Malta Independent

Muscat knew about Rotorua, Hearnville before media reported it, Konrad Mizzi tells Magistrate

- ■ Albert Galea

Prime Minister Joseph Muscat knew about Konrad Mizzi’s offshore trust and company before the media had reported it, Mizzi told then-Magistrate Aaron Bugeja while testifying during the Egrant inquiry.

Mizzi was answering questions from Bugeja about his offshore structure which he had admitted to owning in February 2016. Mizzi owned a trust in New Zealand called Rotorua and a company in Panama called Hearnville, which was later acquired by Rotorua. Daphne Caruana Galizia had been the first to indicate the existence of this structure, before Mizzi admitted it and included it in his declaratio­n of assets.

Muscat had defended Mizzi – who back then was energy minister – because the Panama company was owned by the trust and because he had declared the structure.

Hearnville was one of three companies set up in the space of a week right after the Labour Party won the March 2013 general election. Tillgate – which belonged to former OPM chief of staff Keith Schembri – and Egrant – the subject of Bugeja’s inquiry – were the other two.

Mizzi testified in front of Magistrate Bugeja on 22 April 2017, with his offshore structure being the subject of significan­t questions from the magistrate.

Asked to explain what the structure that he had made consisted of, what advice he had received, and the justificat­ion behind that advice, Mizzi said that he had sat down with his advisers to see what options there were for family estate planning.

He said that given that his wife lives “on the other side of the world” in China, that they have lived in England, own a house abroad, and that his career is an internatio­nal one, meaning that he “might do other things after politics as well,” he and his family felt that they needed a structure which reflected their needs.

Mizzi said that he had sat down with an exhibitee who had suggested that a trust would be the best way to “protect” his assets and investment­s over time, which is the advice that ultimately led to a trust being set up in New Zealand. This was in 2015, Mizzi told Bugeja in his testimony.

He said that as part of the structure, he was given advice that said that he needed an “underlying company” which he then acquired in 2015 from the service provider – Nexia BT –which was then within a few days settled into the trust.

Hearnville is that underlying company. Mizzi told Bugeja how this company would have held his assets, and spoke of his family’s intention to use it for his future investment­s and for a property in London which was being rented out.

Bugeja writes in the report that Nexia BT had given Mizzi the advice, and that Mizzi had said that he had spoken to Karl Cini.

The magistrate writes that when Mizzi was asked why he had not chosen to open a trust in Malta, the then-minister replied that there were few companies which engage in such services, and that he worked regularly, as part of his job, with those which did. Mizzi also noted that he had an “internatio­nal family” and that this structure was agreed upon with his wife, Sai Mizzi Liang.

In fact, Mizzi told Bugeja that Nexia had suggested the idea of setting up a company in Panama, and noted that Hearnville was a shelf company which they already had. This is a remark which Bugeja sought clarificat­ion on – Mizzi first said that it was Nexia’s then, when asked again, said that he was not entirely sure, but that as far as he knew it was held by Nexia.

Bugeja asked Mizzi whether the trust or the company ever had a bank account with Pilatus Bank in Malta or outside Malta and whether there were any financial transactio­ns in connection with the two, a question to which Mizzi replied that neither had ever had any bank account anywhere, and neither had made or received any financial transactio­ns.

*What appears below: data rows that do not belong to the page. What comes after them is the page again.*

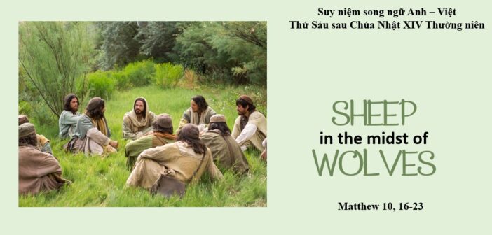 Chiên giữa bầy sói – khôn ngoan và trong trắng Mt 10,16-23 16 Này, Thầy sai anh em đi như chiên đi vào giữa bầy sói. Vậy anh em phải khôn như rắn và đơn sơ như bồ câu.17 “Hãy coi chừng người đời. Họ sẽ nộp anh em cho các hội đồng, và sẽ đánh đập anh em trong các hội đường của họ.18 Và anh em sẽ bị điệu ra trước mặt vua chúa quan quyền vì Thầy để làm chứng cho họ và các dân ngoại được biết.19 Khi người ta nộp anh em, thì anh em đừng lo phải nói làm sao hay phải nói gì, vì trong giờ đó, Thiên Chúa sẽ cho anh em biết phải nói gì:20 thật vậy, không phải chính anh em nói, mà là Thần Khí của Cha anh em nói trong anh em.21 “Anh sẽ nộp em, em sẽ nộp anh cho người ta giết; cha sẽ nộp con, con cái sẽ đứng lên chống lại cha mẹ và làm cho cha mẹ phải chết.22 Vì danh Thầy, anh em sẽ bị mọi người thù ghét. Nhưng kẻ nào bền chí đến cùng, kẻ ấy sẽ được cứu thoát.23 “Khi người ta bách hại anh em trong thành này, thì hãy trốn sang thành khác. Thầy bảo thật anh em: anh em chưa đi hết các thành của Ít-ra-en, thì Con Người đã đến. |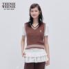 Teenie Weenie Women's Textured Stripe Color Block V-Neck Knitted Vest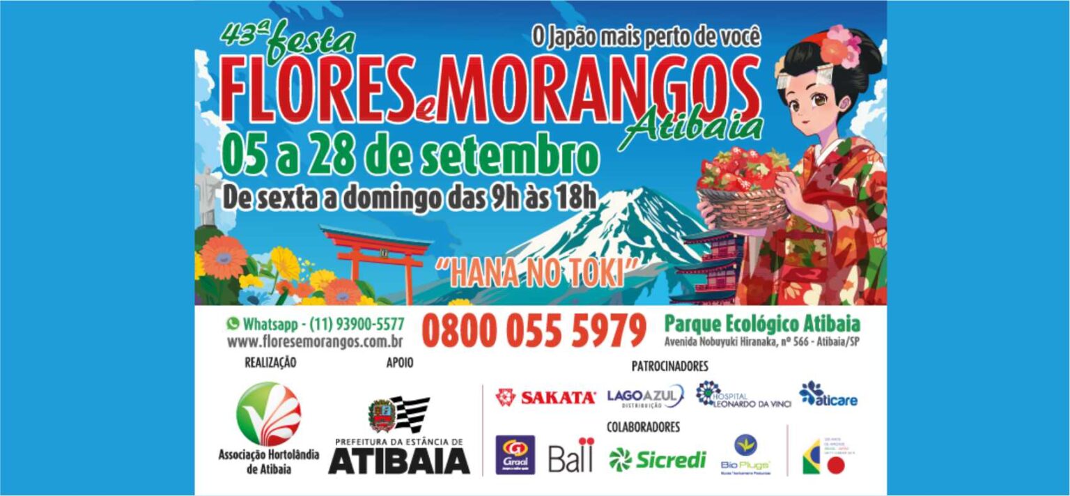 Com a presença de diversas autoridades locais, estaduais e nacionais, a 43ª Festa de Flores e Morangos de Atibaia começa nesta sexta-feira, dia 5 de setembro, com a cerimônia de abertura, a partir das 10h, no Parque Ecológico. A edição deste ano reúne diversas novidades para encantar ainda mais seus visitantes, como a exposição fotográfica dos 130 anos dos Tratados de Amizade, Comércio e Navegação entre Brasil e Japão; Monumento Permanente das Gerações Japonesas; Ninja Jiraiya; Concurso de Cosplay; ações educativas socioambientais do IPÊ; sem falar do pavilhão de exposição de flores, venda de morangos e diversas atrações culturais.

This effectivel­y means that neither Hearnville nor Rotorua had ever held a bank account.

Asked whether he had any banking relationsh­ip or bank account with Pilatus Bank in Malta or outside of Malta, Mizzi answered in the negative both for him and for his family, the report reads.

Bugeja, however, then asked about attempts which had been made to set up bank accounts for the abovementi­oned company and trust, to which Mizzi replied that it was Nexia BT’s mandate to make enquiries with banks for both the trust and the company, but that he had never signed any bank opening forms or given the go ahead to open the accounts.

He confirmed that Nexia BT had made enquiries for a bank account to be opened for this structure, but noted that it had done nothing more than that and he had not signed off on the creation of any such account himself.

Asked about his later decision to liquidate the company, Mizzi said that he had made it publicly clear that he had done nothing illegal but admitted that, politicall­y speaking, he should not have made the decision to open the offshore trust.

He noted that he had declared all this in his declaratio­n of assets, and that even the prime minister “knew that there was a trust and an underlying company, and I had explained the reasons to him before it emerged in the media and before all this happened.”

He continued, however, that when he saw the public sentiment towards it, he figured that he had been working day and night and “delivering for the country” and did not want to let anything undermine the future credibilit­y of the country and government, which is why he requested an independen­t audit into the company and trust before liquidatio­n.